In addition, reliance on p value magnitude as an index of strength of the difference should be either bolstered with more discussion or removed.
We discussed the general issue (see above), but otherwise followed the suggestion to remove the points in question. The introduced changes do not affect the overall interpretation.
The authors should also clarify exactly what the box and whisker plots represent, including the dots that appear above/below the bars. Indeed, individual data points should be provided in figures where possible.
We included the description of the box and whisker plot in the Materials and methods section, as well as in the first figure where they appear. We also redrew the figures to show all data points. In the box-whisker plots, as introduced by Tukey, (1977), upper and lower hinges indicate first and third quartiles. The upper whisker extends from the hinge to the largest value no further than 1.5 times the interquartile range (IQR, a distance between the first and third quartiles); the lower whisker extends from the hinge to the smallest value at most 1.5 times IQR. Data beyond the end of the whiskers are called “outlying” points and are plotted individually.
If symbol for statistical significance is indicated in figure, this should be large enough to be seen and also mentioned in legend. Currently asterisk is only in legend for Figure 7.
We included the explanation in each figure legend and improved readability.
Given the importance of strain to individuality research, in methods clarify whether these are indeed C57BL/6J (J=bred at Jackson Labs and shipped via Janvier) or a substrain that has established breeding Janvier. In text, avoid use of C57BL/6, since JAX states this does not exist (https://www.jax.org/news-and-insights/jax-blog/2016/june/there-is-no-such-thing-as-a-b6-mouse).
We indeed used C57BL/6JRj, bred by JAX and purchased from Janvier. We corrected and specified the related information in Materials and methods section, and in the Introduction. Thank you for pointing this out.
What is the specificity of the ENR effects? The authors state ENR "generally does not increase variability" but "is a [ed. not "the"] tool of choice to investigate the bases of individualization". The authors are encouraged to be clear in the discussion about whether they think ENR is a good tool for promoting individuality or not.
This study shows that the increased variability in response to ENR is specific to adult hippocampal neurogenesis, motor cortex thickness and exploratory behavior. Thus, ENR is a decent tool to promote experience-dependent individuality in structural brain plasticity. Whether ENR is the only behavioral paradigm that induces individuality in these parameters, is currently unknown and needs further investigation. To clarify these points, we emphasized the specificity of the variance-inducing effects of ENR and specified that ENR is a suitable tool to study mechanisms of experience-dependent brain individualization. We revised the text in the Discussion section:
“In conclusion, ENR does not generally increase variability across all domains. ENR-induced increases in variance were specific to exploratory behavior, adult neurogenesis and motor cortex thickness. The correlation pattern of these parameters with other traits was complex, with ENR remodeling many of the associations. We do not think, however, that increased structural variability is limited only to neurogenesis and motor cortex, but that induced changes are very specific and can be revealed only if appropriate aspects of plasticity are examined. ENR arises from this study as a more holistic paradigm than often assumed and proves to be a decent tool to investigate the bases of experience-dependent brain individualization.”
The authors say "…..ENR is a suitable model to dissect processes leading to brain individualization". Rather than leading, driving, or causing individuality, the authors are encouraged to specifically discuss that ENR may reveal and/or amplify preexisting differences, such as those (particularly epigenetic differences) that may relate to gestation, early life, etc.
We included a section discussing this comment in the Discussion section of the manuscript:
“We hypothesize that increases in variability are a result of the progressive amplification of initially small inter-individual differences that existed before the start of the experiment, or that were introduced by stochastic events in the initial period of ENR housing.
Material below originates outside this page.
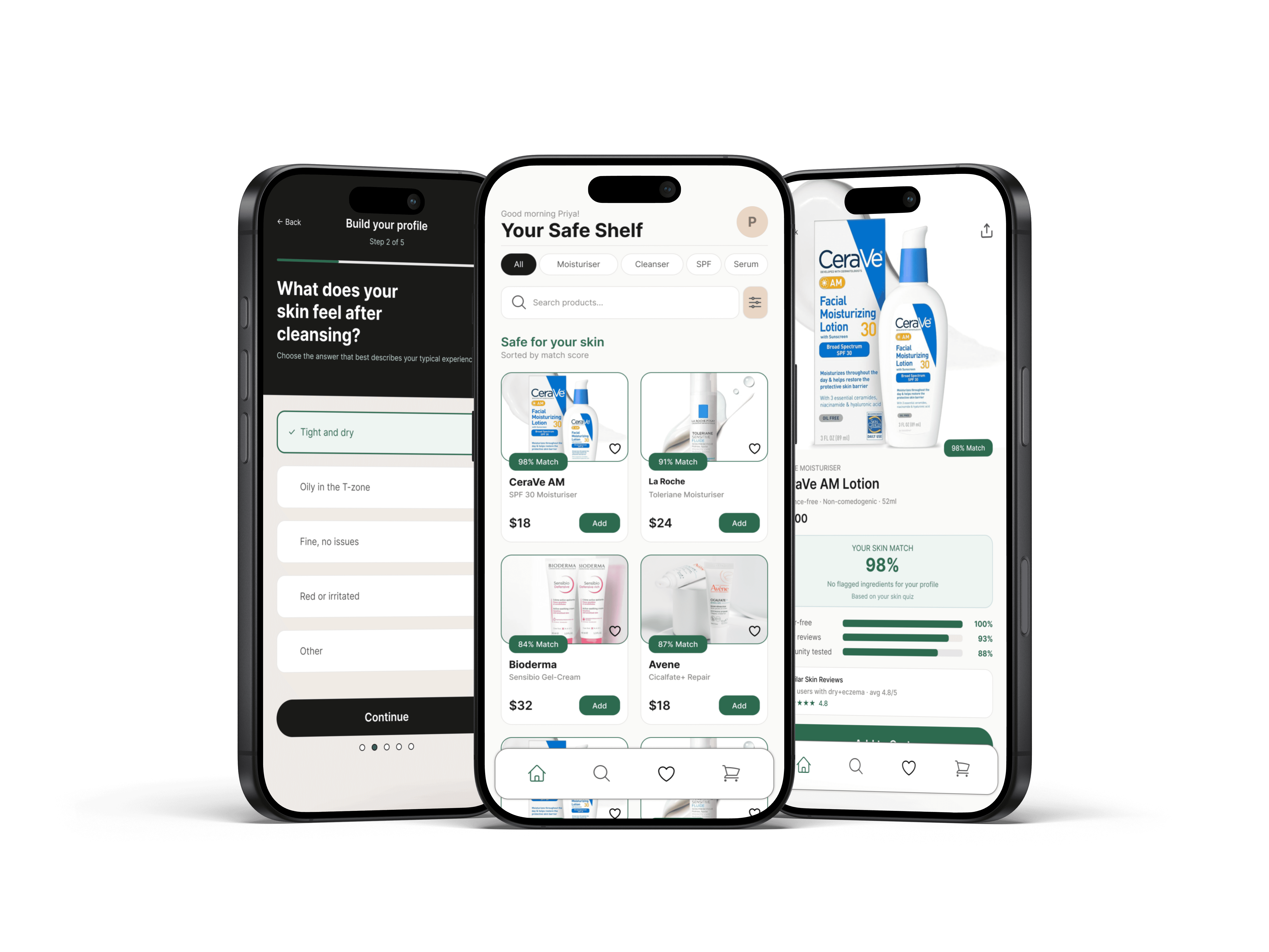 Match score concept landed immediately - 4 out of 5 participants understood what the score meant without me explaining it. The one who didn't was confused about whether 98% meant "98% of people like it" or "98% safe for you." That's a copy problem, not a concept problem. I added the sub-label "safe for your skin profile" after testing.

Potential sources of pre-existing variation include prenatal influences on the pregnant mother, intrauterine positioning of the fetus as well as early postnatal experiences (Saal, 1981; Lathe, 2004). Especially early life-experiences are known to change epigenetic modifications in the brain, which contribute to the long-term control of gene expression. For instance, differences in maternal care in rats led to differences in the DNA methylation state of the glucocorticoid receptor in the hippocampus in the offspring (Weaver et al., 2004). Moreover, human twin studies have suggested that monozygotic twins increasingly differ in epigenetic marks from early life to adulthood, presumably as a result of the different experiences they make (Fraga et al., 2005; Cheung et al., 2018). Environmental enrichment builds on the initial variation and amplifies the differences by providing opportunity for the development of individual behavior.“
On a related note: Do the authors predict that other activity-dependent plasticity experiences – learning, social interaction, stress – or even short term experiences – disrupted light cycle – would also results in individualization and may also be used to "dissect processes leading to brain individualization", or is there something specific about ENR? In this case the presumed "individuality" would not be a long-term developmental phenotype (where "small initial differences are augmented through self-reinforcement"). Can the authors address this via discussion of their current or past work, or can this be addressed experimentally? What are the implications of this statement for other activity-dependent phenomena, like expression of immediate early genes?
This is an important and interesting point. The question of specificity itself is a classical question of the enriched environment literature. Nevertheless, published experiments tend not to provide information that would allow addressing that point and have too small group sizes to allow clear conclusions about such individualizing effects. This discrepant situation has been one of the motivating factors for the current study. We have ongoing efforts in the lab to provide such analyses from the literature and our own previous data sets but despite their relatedness to the mentioned question, they leave the framework of the current study. We commented the issue in the revised Discussion section:
“The question arises whether ENR is unique among activity-dependent plasticity experiences in inducing behavioral and structural divergence. Published studies tend not to provide sufficient information about individualizing effects of other manipulations due to modest group sizes. ENR is a complex paradigm, in which inanimate aspects of the environment and social interactions intertwine over prolonged periods of time. We would hold the view that both this complexity and duration are essential elements in consolidation of the induced changes. Accordingly, in our previous study (Freund et al., 2013; Freund et al., 2015), the patterns of general activity, RE and both social and non-social behaviors recorded towards the end of the ENR exposure could not be predicted by the initial differences between animals.”
The use of female mice raises two points. First, the authors should consider whether environmental effects on individualization interact with sex.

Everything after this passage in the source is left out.